Thursday, 19 December 2013

Get a personal upgrade

A renowned conductor was giving a master class. He was standing next to a young man who was conducting an orchestra. The maestro's gaze shifted to and fro between the young conductor and the orchestra as he appraised the quality of the communication, engagement and understanding being created between them as the music flowed onward...

The baton waved; the music flowed; the baton waved; the score flicked over; the score flicked over; the score flicked over; the score flicked over. The maestro stepped forward, put one hand on the young man’s shoulder and with the other signalled for the orchestra to stop playing.

He acknowledged the response from the orchestra and then looked directly at the young man. ‘Do you know the music?’ he asked.
‘Yes,’ the young man replied. ‘I know it by heart.’
‘Then why look at the score?’ The maestro paused for a moment, then continued, ‘It is safe to look at the score, comfortable, but it is better to look at your players, more effective, more exciting! When you look at your players directly they will upgrade you; you will become more credible in their eyes.’

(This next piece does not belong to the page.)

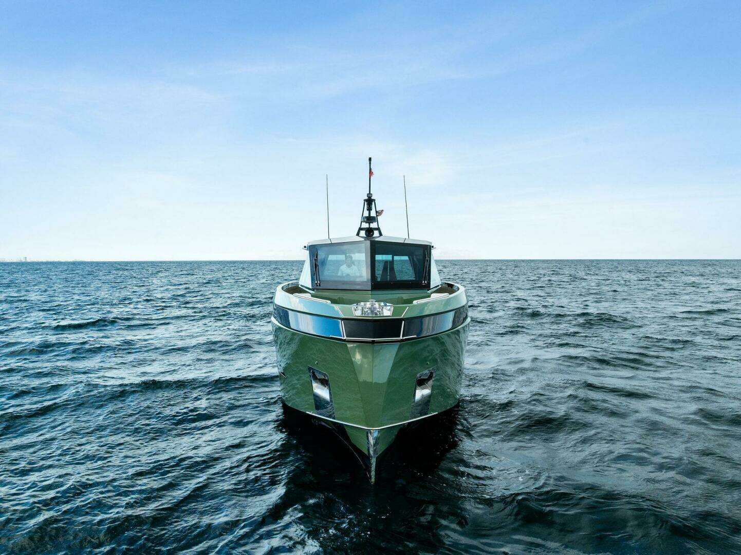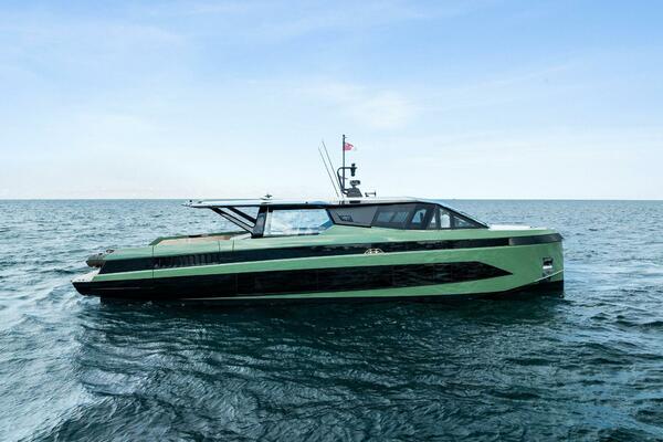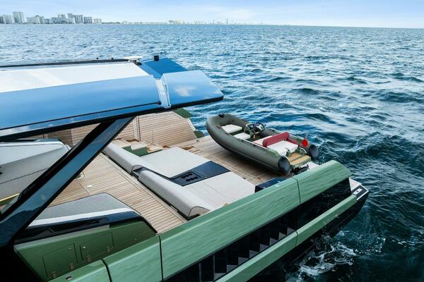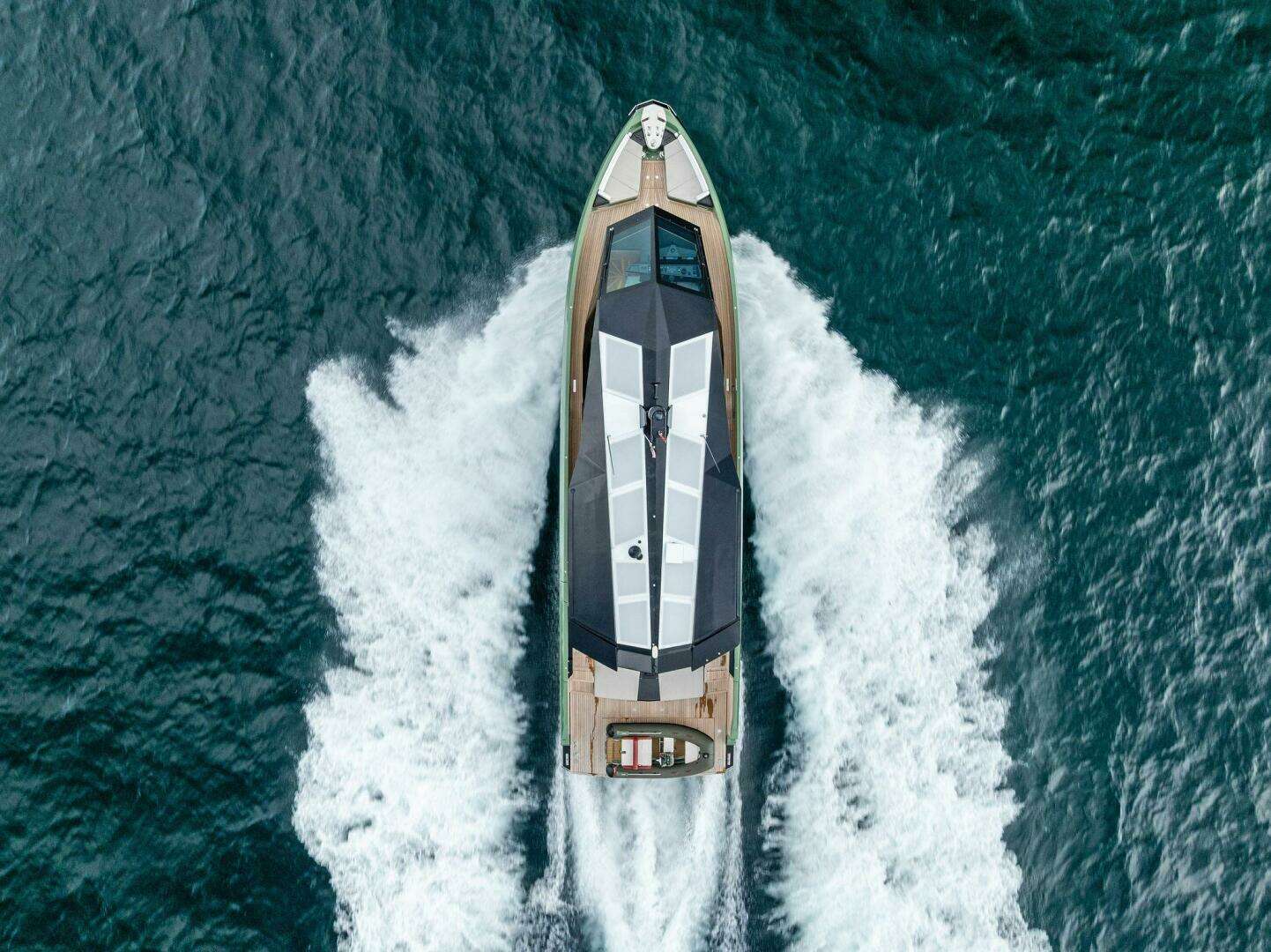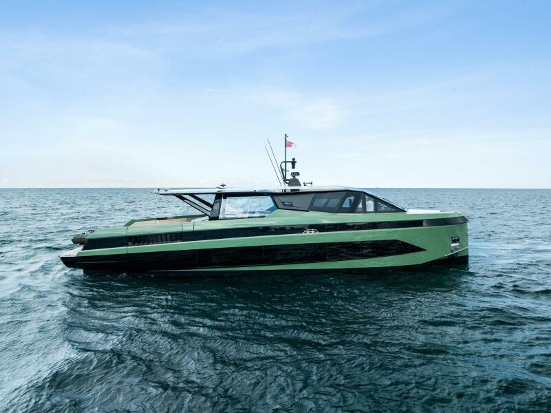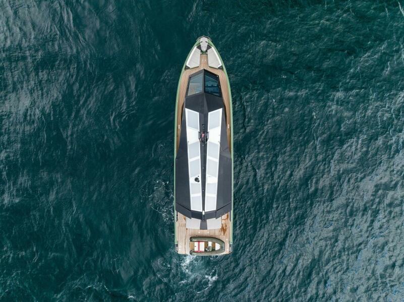 - Built as a crossover yacht, it merges the sleekness of a coupe boat with the volumetric benefits of larger yachts.

The maestro closed the score. He then stood back, a flick of his hand inviting the young man to continue conducting. This time the young man’s gaze remained firmly and consistently upon the players of the orchestra, a smile forming gradually upon his lips. 

The maestro did not step forward again until the end of the music.

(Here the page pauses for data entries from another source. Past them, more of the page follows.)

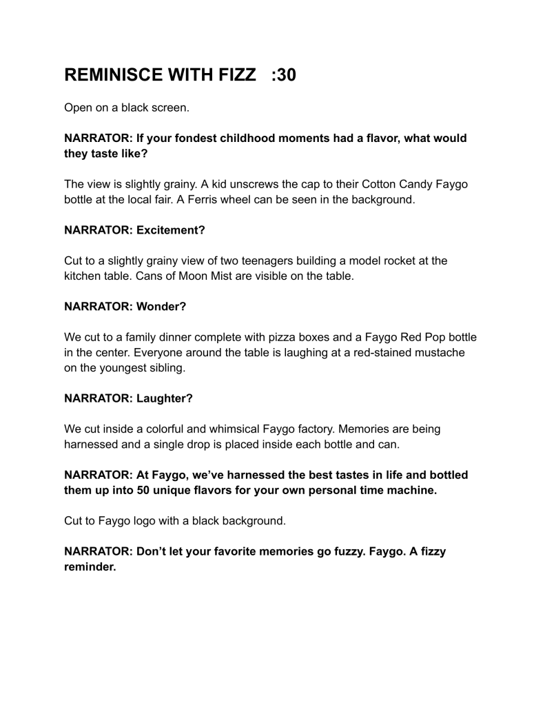 Inspired by my love of Rock & Rye, I wanted to take this colorful and lively brand and give it some heart in this spec commercial script.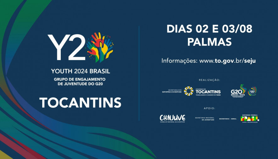 Palmas recebe nesta sexta-feira, 2, às 8h, no auditório do Tribunal de Justiça, o encontro regional do Youth20 (Y20), o grupo oficial de engajamento da juventude no G20. O evento promovido pelo Governo do Tocantins, por meio da Secretaria de Estado dos Esportes e Juventude (Seju), trabalhará eixos como inclusão e diversidade; transição energética e desenvolvimento sustentável; e inovação e futuro do mundo do trabalho. A programação segue no dia 3, às 8h, na Escola Estadual Professora Elizângela Glória Cardoso, com as discussões dos grupos de trabalho.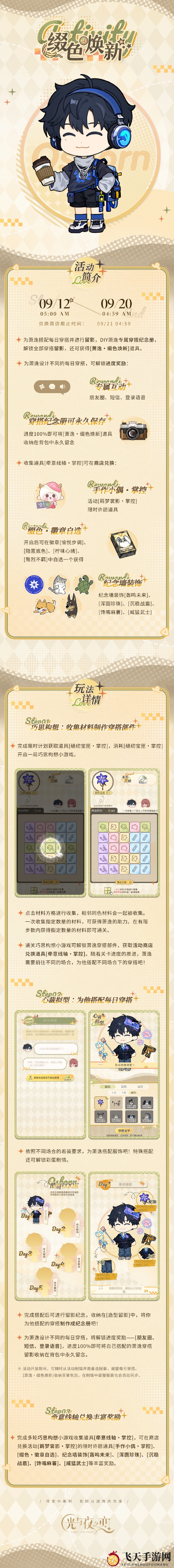①每日为萧逸设计潮流造型,捕捉精彩瞬间,制作专属穿搭纪念册,完成所有挑战,赢取[萧逸・缀色焕新]专属道具。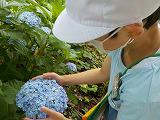 早速、校庭に咲いていた紫陽花を見つけ、「たくさんの花(がく)がついてる」「花が重くて垂れ下がっている」など、多くのことに気付くことができました。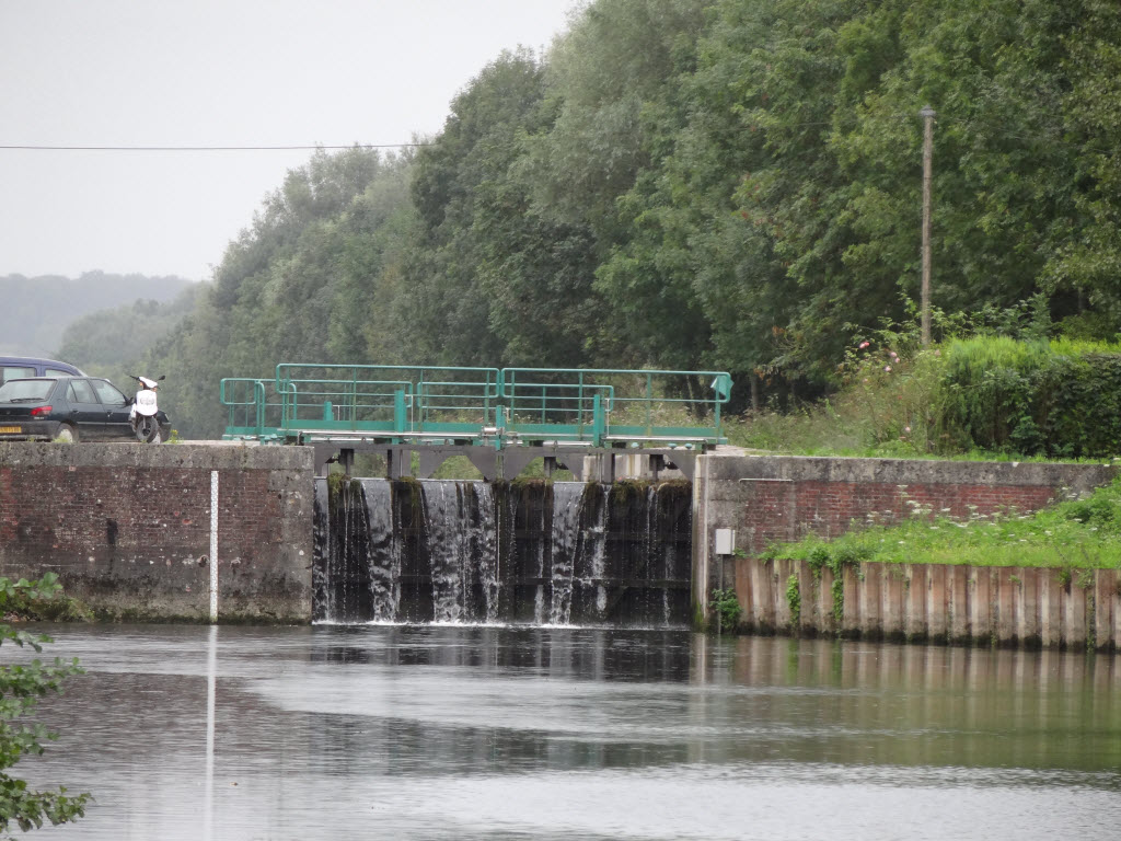 Nach den üblichen Gipfeli und der Zeitung legen wir ab, es regnet zwischendurch wieder. Heute ist Sonntag, deshalb werden wir von Studenten geschleust. Es regnet immer mehr und hört nicht mehr auf. Die letzte Schleuse in Picquigny ist eine doppelte, das untere Becken mit Schrägwänden. Auf der Hinfahrt wurde nur das obere Becken benutzt, wie bei allen solchen Schleusen hier. Aber diesmal wollte die seltsame Schleusenwärterin (definitiv keine Studentin) es kompliziert.

When communicating with others most of us are guilty of playing safe and choosing the comfortable option. We look down at our notes or, even worse, back at our PowerPoint slides rather than at the people we are communicating with. This makes us as unmemorable as the screen upon which we watch our favourite films or television programmes; we become merely the medium through which our notes or slides communicate their messages, nothing more. So those listening to and watching us downgrade us: downgrade us to the status of an unremarkable transmitter or messenger with which they have no engagement or rapport and for which they have no respect.

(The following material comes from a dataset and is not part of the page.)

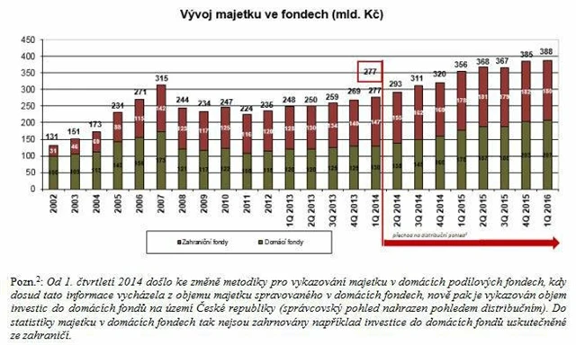 Nejvíce peněz je v dluhopisových (113,7 miliardy Kč) a smíšených fondech (137,9 miliardy Kč). Hodnota majetku v zahraničních fondech klesla od počátku roku o 1,52 miliardy Kč na 180,3 miliardy Kč, domácí fondy vykázaly růst o 4,2 Kč miliardy Kč na 207,7 miliard Kč.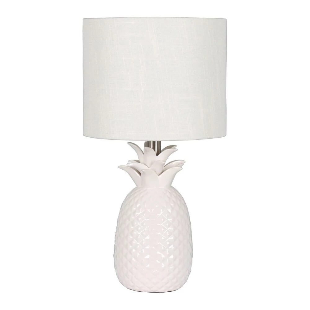 A tropical accent that lights up your decor, this pineapple-shaped table lamp is a welcoming choice in any space. Made with a glossy white ceramic base and white textured fabric shade, this monochromatic piece from Adesso adds a crisp, cheerful finish to any tabletop or counter in your home.

When communicating with others stop bowing to your notes or worshipping your PowerPoint. Stop giving them your power. It is good to have these things by your side or at your back but, if you have prepared well, looking at and referring to them should be the exception to the following rule:

Look at those you are communicating with.
Give people the opportunity to see you as something more than an unremarkable, unmemorable, uninspiring transmitter of information. Give them the opportunity to engage with and respect you. Give them the opportunity to upgrade you!